**Problem statement:** Restate the full listing word for word and leave the pictures out.

[Material for the task Boundary: Start]

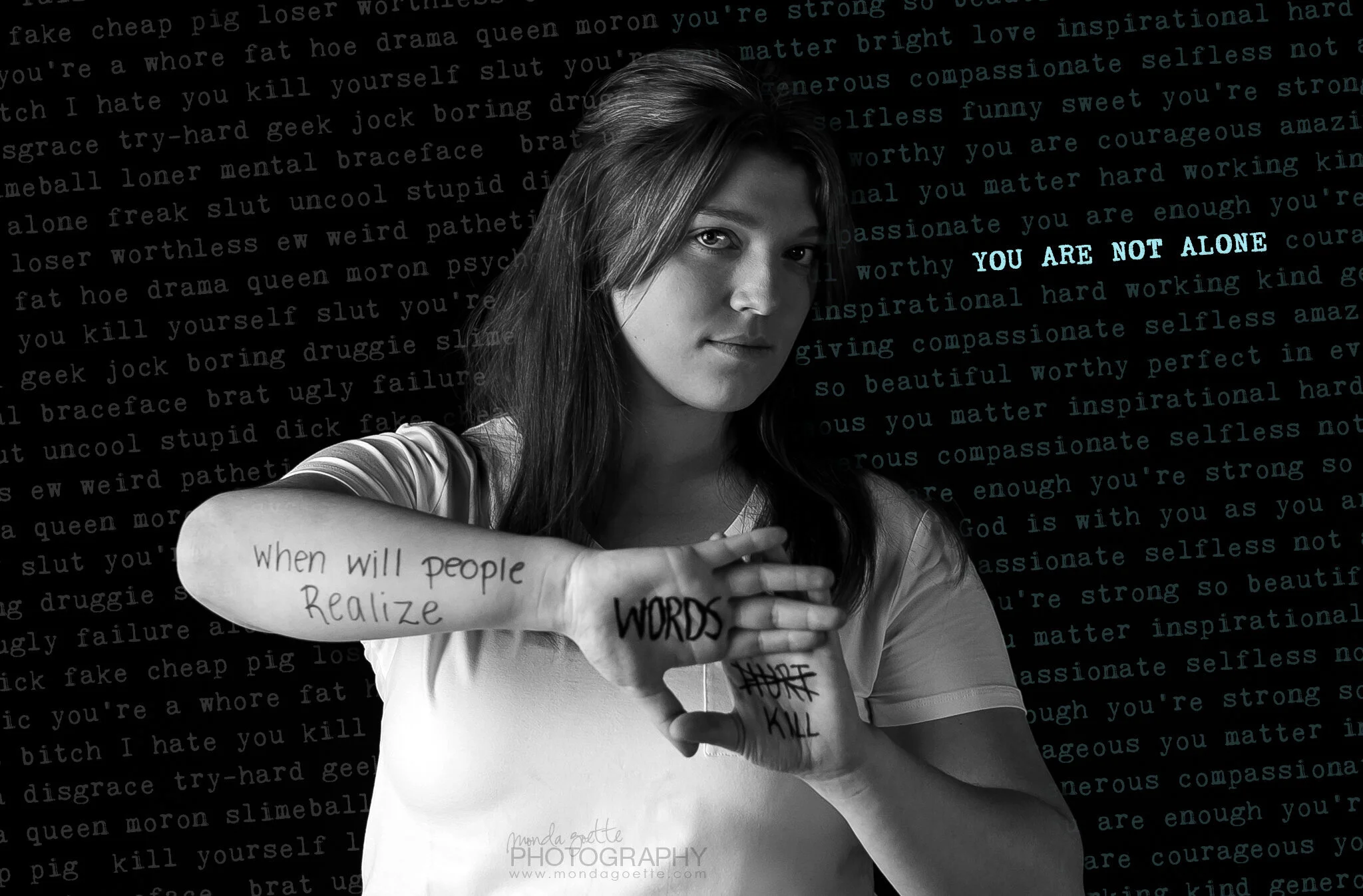 I had it in my mind right away to have the images be black and white to be more effective - because as an artist, black and white brings a whole different element of emotion and expression. I wanted this shoot to make bold statements about how the team feels both personally and in general about bullying in today's world. I also envisioned a message of encouragement to be tied in with this photo shoot that might encourage others to see that as much as words hurt, they can also help carry us through hard times as well.
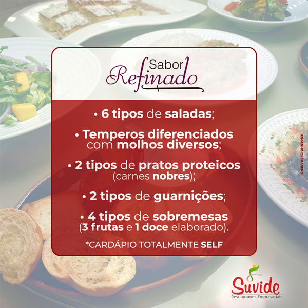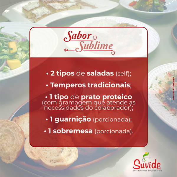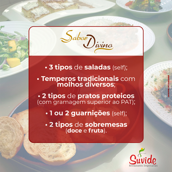 Descubra mais informações sobre os cardápios SABOR SUBLIME, SABOR DIVINO E SABOR REFINADO. São NUTRITIVOS, VARIADOS e DELICIOSOS...
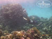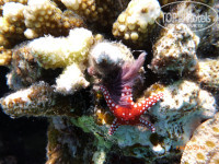 Ехали в этот отель в основном из за бухты в которой он находится , так как уже отдыхали в соседнем Клуб Фанара и точно знали куда едем . Честно говоря напротив Фанары кораллы и вся экзотика поинтересней но ни кто ни кого не контролирует , плавай где хочешь . Но вот конечно очень жаль что почти каждый день после обеда вода становилась мутноватой . Видели один раз возле пирса плавающий мазут от экскурсионных корабликов . Да и хотелось бы что бы сам пляж получше убирали . Но мух на пляже нет .
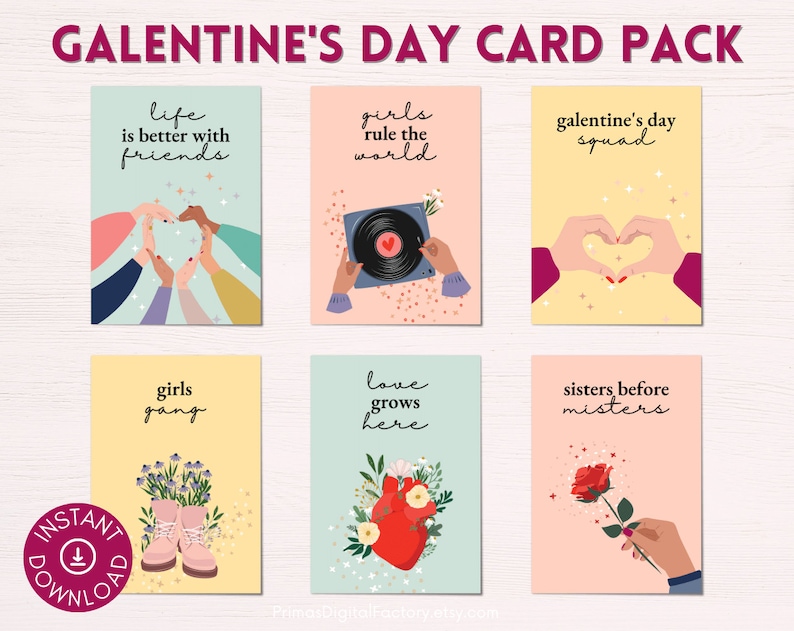 Printable Galentines Day Card Pack Digital Download Galentines Day
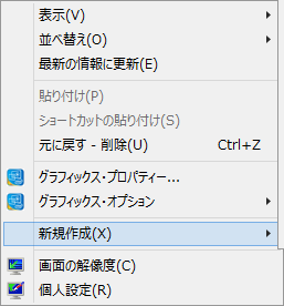 - デスクトップの何もないところで右クリックして、[新規作成(X)]を選んで、[テキスト ドキュメント]をクリックする。
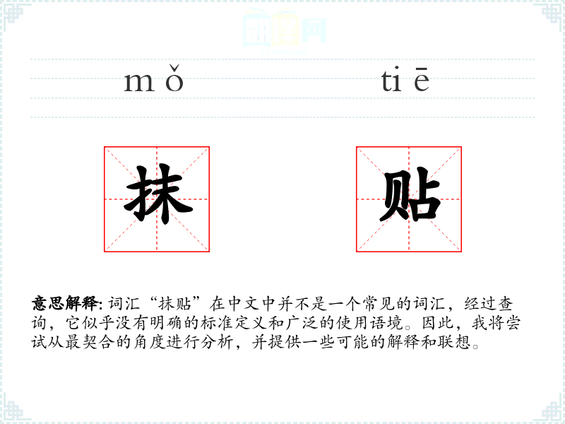 由于“抹贴”不是一个标准词汇,我们可以尝试从字面意思来理解:
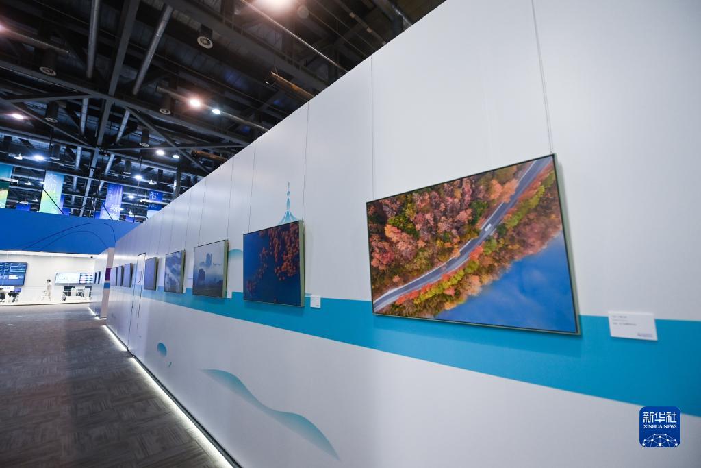 這是主媒體中心工作間墻壁上懸挂的浙江風光照片(9月1日攝)。
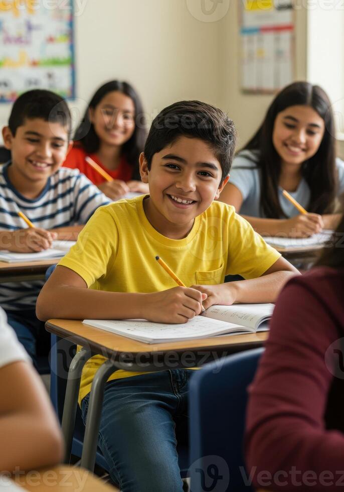 Joyful diverse students actively learning and smiling in a bright, modern classroom environment, engaged in schoolwork with pencils. Pro Photo
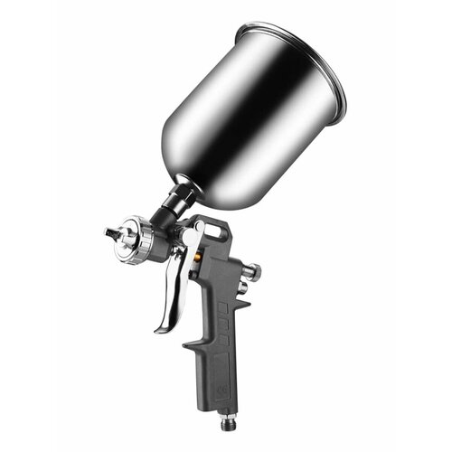 Краскопульт оснащен верхним бачком объемом 1000 мл, что позволяет работать без перерыва на дозаправку. Бачок изготовлен из алюминия, что обеспечивает его долговечность и устойчивость к коррозии.
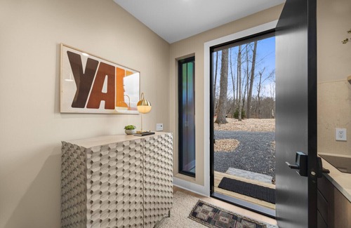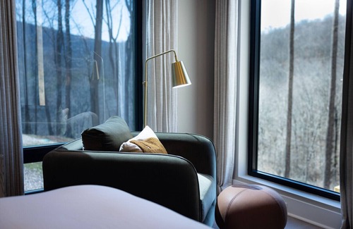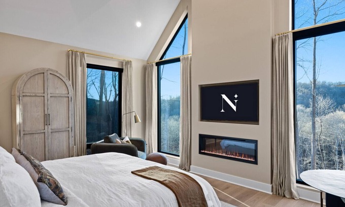Beautiful 55 acre Tennessee mountainside property featuring eight 500 square foot Nature Suite™ carefully designed for comfort, with a full kitchen, king bed, dinette set with seating for two, 55" smart tv, 50" linear fireplace, spa like bathroom appointed in Italian porcelain tile, Rain shower and Handheld shower.
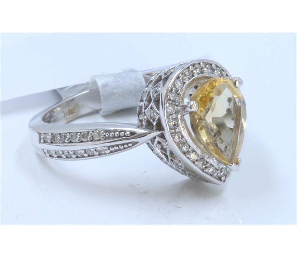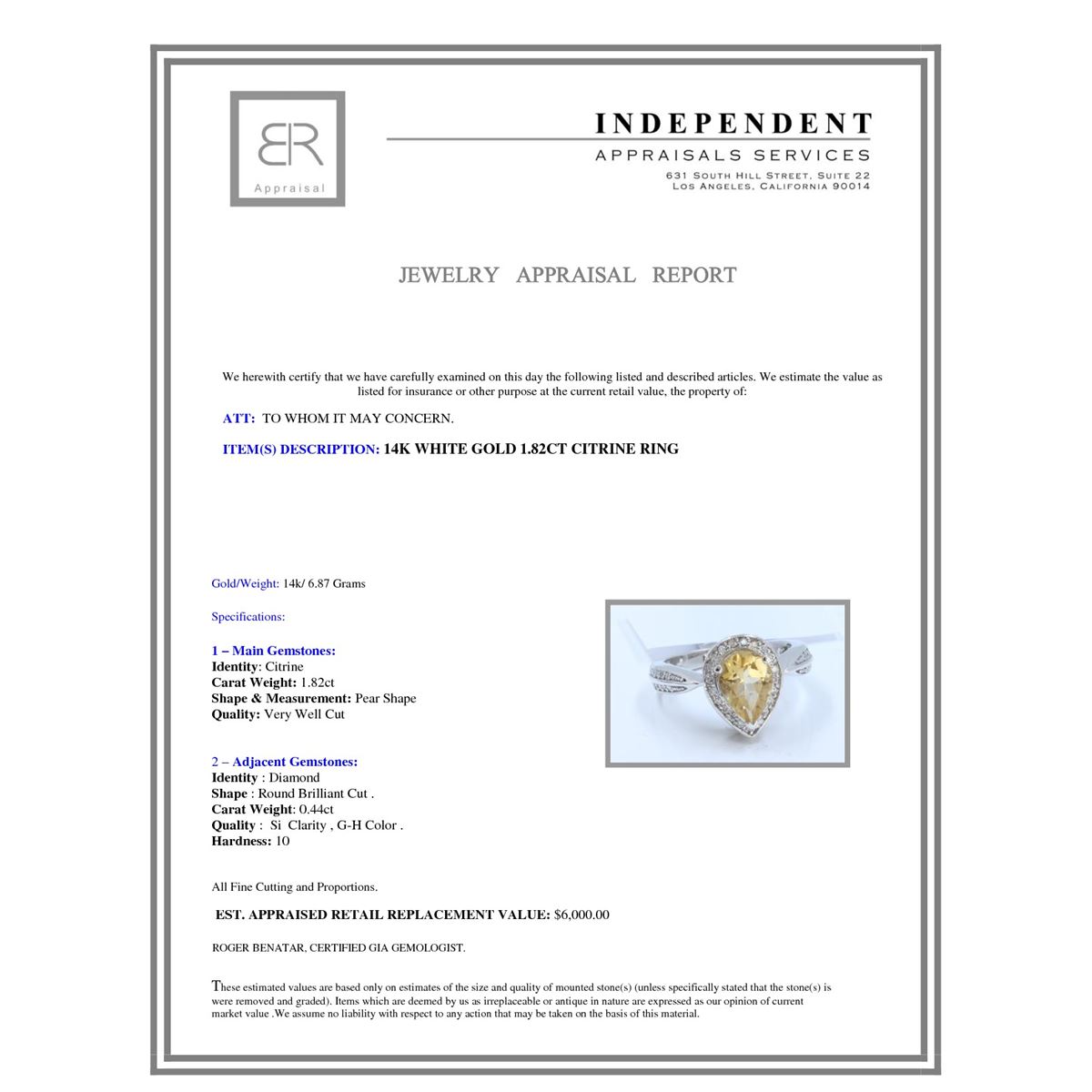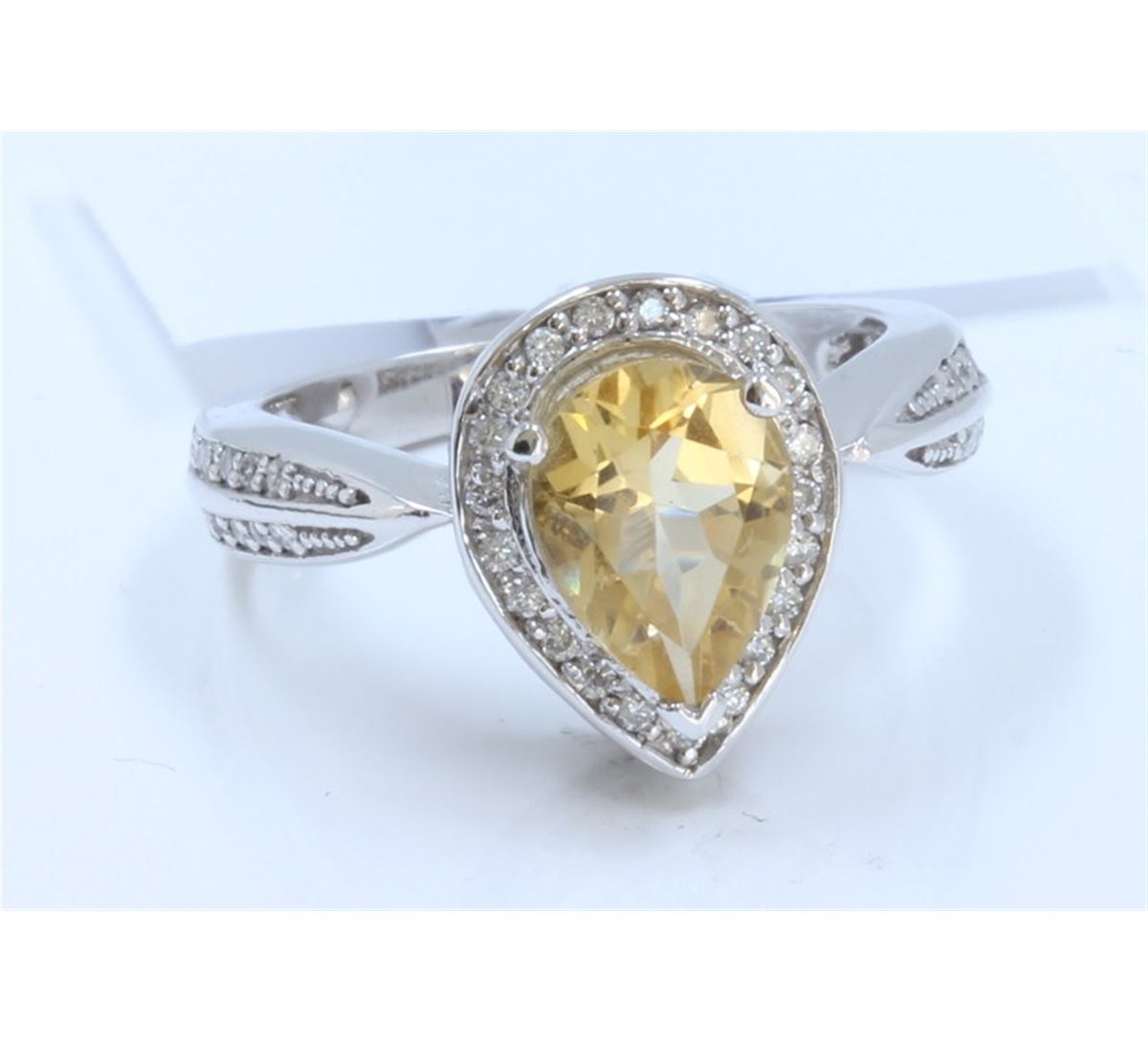 14K WHITE GOLD RING :6.87g/Diamond:0.44ct/Citrine :1.82ct
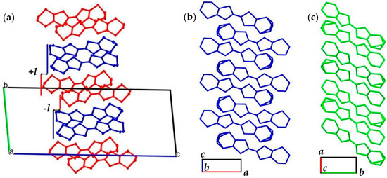 However, in some particular cases, it is necessary to consider the longitudinal displacements of ET radical cations, which are imperceptible in the aforementioned projection. Furthermore, we explore the common κ-type package in terms of “indentation” modifiers. The indents resulting from the intralayer ET radical cation longitudinal displacements naturally manifest themselves in the projections perpendicular to the one presented in Figure 2b (Figure 6).
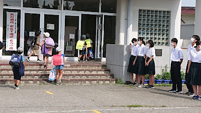 今週及び来週、生徒会執行部を中心として、小学生とのあいさつ交流会を行います。これは、六中生徒会執行部を中心とするメンバーが、朝、小学校に赴き、そこであいさつ運動を行うものです。平成元年まで行っており、昨年、一昨年と感染防止のため休止していましたが、今年度再開しました。本日は塩井小学校で行いました。中学生のあいさつに対して、小学生も元気にあいさつを返してくれました。14日は六郷小、15日は窪田小、21日は広幡小で行う予定です。
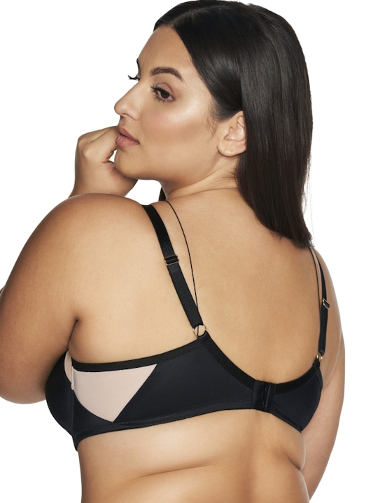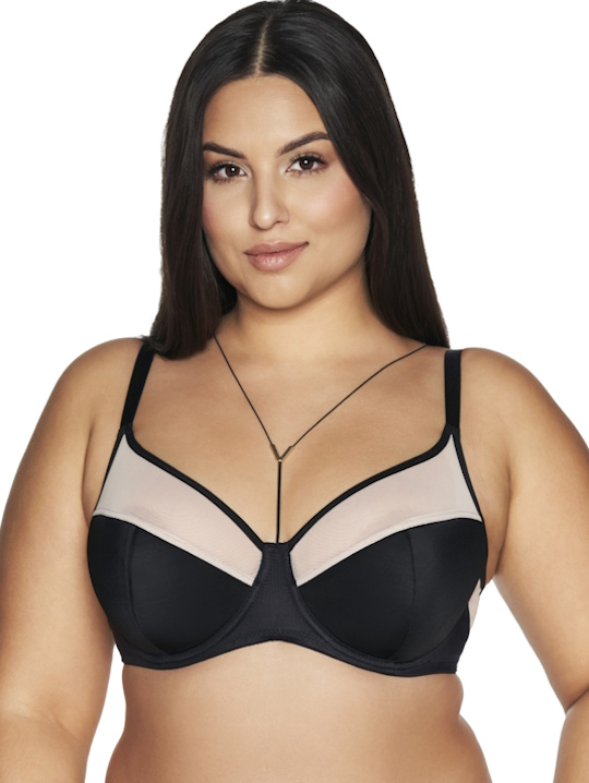 Бюстгальтер 2135 PU Viva выполнен на косточках, чашки шитые, нижняя часть на тонком поролоне, с внутренней стороны проложена хлопковым трикотажем, внешняя сторона гладкая, верхняя часть чашки из телесной сетки. Пояс сшит из плотной стабилизирующей черной сетки с геометрическими вставками телесной сетки по бокам. Бретельки регулируются по длине, не отстёгиваются. На спине застёжка на удлинитель на 2 крючка, фурнитура металлическая цвета желтого золота. В зоне декольте несъемная тонкая эластичная резинка с подвижным металлическим аксессуаром в виде буквы V. Бюстгальтер идеально сочетается с трусиками 2135, 2136.
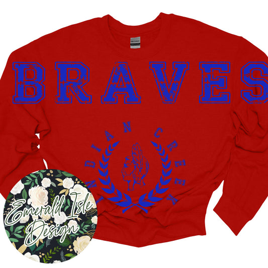 Indian Creek Braves Oversized Horizontal Design on Crewneck Sweatshirt
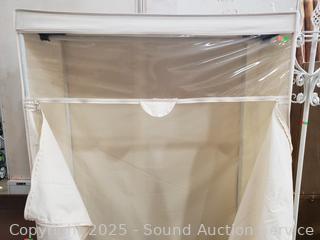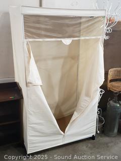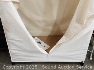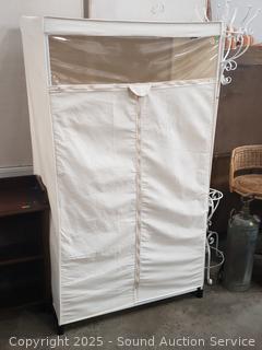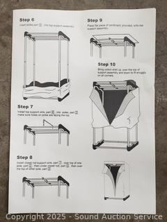 Has one clothes hanging rod. Don't see any issues, comes with assembly instructions. 63" H x 36" W x 19.5" D.

[Material for the task Boundary: End]

**Worked solution:**
 I had it in my mind right away to have the images be black and white to be more effective - because as an artist, black and white brings a whole different element of emotion and expression. I wanted this shoot to make bold statements about how the team feels both personally and in general about bullying in today's world. I also envisioned a message of encouragement to be tied in with this photo shoot that might encourage others to see that as much as words hurt, they can also help carry us through hard times as well.
 Descubra mais informações sobre os cardápios SABOR SUBLIME, SABOR DIVINO E SABOR REFINADO. São NUTRITIVOS, VARIADOS e DELICIOSOS...
 Ехали в этот отель в основном из за бухты в которой он находится , так как уже отдыхали в соседнем Клуб Фанара и точно знали куда едем . Честно говоря напротив Фанары кораллы и вся экзотика поинтересней но ни кто ни кого не контролирует , плавай где хочешь . Но вот конечно очень жаль что почти каждый день после обеда вода становилась мутноватой . Видели один раз возле пирса плавающий мазут от экскурсионных корабликов . Да и хотелось бы что бы сам пляж получше убирали . Но мух на пляже нет .
 Printable Galentines Day Card Pack Digital Download Galentines Day
 - デスクトップの何もないところで右クリックして、[新規作成(X)]を選んで、[テキスト ドキュメント]をクリックする。
 由于“抹贴”不是一个标准词汇,我们可以尝试从字面意思来理解:
 這是主媒體中心工作間墻壁上懸挂的浙江風光照片(9月1日攝)。
 Joyful diverse students actively learning and smiling in a bright, modern classroom environment, engaged in schoolwork with pencils. Pro Photo
 Краскопульт оснащен верхним бачком объемом 1000 мл, что позволяет работать без перерыва на дозаправку. Бачок изготовлен из алюминия, что обеспечивает его долговечность и устойчивость к коррозии.
Beautiful 55 acre Tennessee mountainside property featuring eight 500 square foot Nature Suite™ carefully designed for comfort, with a full kitchen, king bed, dinette set with seating for two, 55" smart tv, 50" linear fireplace, spa like bathroom appointed in Italian porcelain tile, Rain shower and Handheld shower.
 14K WHITE GOLD RING :6.87g/Diamond:0.44ct/Citrine :1.82ct
 However, in some particular cases, it is necessary to consider the longitudinal displacements of ET radical cations, which are imperceptible in the aforementioned projection. Furthermore, we explore the common κ-type package in terms of “indentation” modifiers. The indents resulting from the intralayer ET radical cation longitudinal displacements naturally manifest themselves in the projections perpendicular to the one presented in Figure 2b (Figure 6).
 今週及び来週、生徒会執行部を中心として、小学生とのあいさつ交流会を行います。これは、六中生徒会執行部を中心とするメンバーが、朝、小学校に赴き、そこであいさつ運動を行うものです。平成元年まで行っており、昨年、一昨年と感染防止のため休止していましたが、今年度再開しました。本日は塩井小学校で行いました。中学生のあいさつに対して、小学生も元気にあいさつを返してくれました。14日は六郷小、15日は窪田小、21日は広幡小で行う予定です。
 Бюстгальтер 2135 PU Viva выполнен на косточках, чашки шитые, нижняя часть на тонком поролоне, с внутренней стороны проложена хлопковым трикотажем, внешняя сторона гладкая, верхняя часть чашки из телесной сетки. Пояс сшит из плотной стабилизирующей черной сетки с геометрическими вставками телесной сетки по бокам. Бретельки регулируются по длине, не отстёгиваются. На спине застёжка на удлинитель на 2 крючка, фурнитура металлическая цвета желтого золота. В зоне декольте несъемная тонкая эластичная резинка с подвижным металлическим аксессуаром в виде буквы V. Бюстгальтер идеально сочетается с трусиками 2135, 2136.
 Indian Creek Braves Oversized Horizontal Design on Crewneck Sweatshirt
 Has one clothes hanging rod. Don't see any issues, comes with assembly instructions. 63" H x 36" W x 19.5" D.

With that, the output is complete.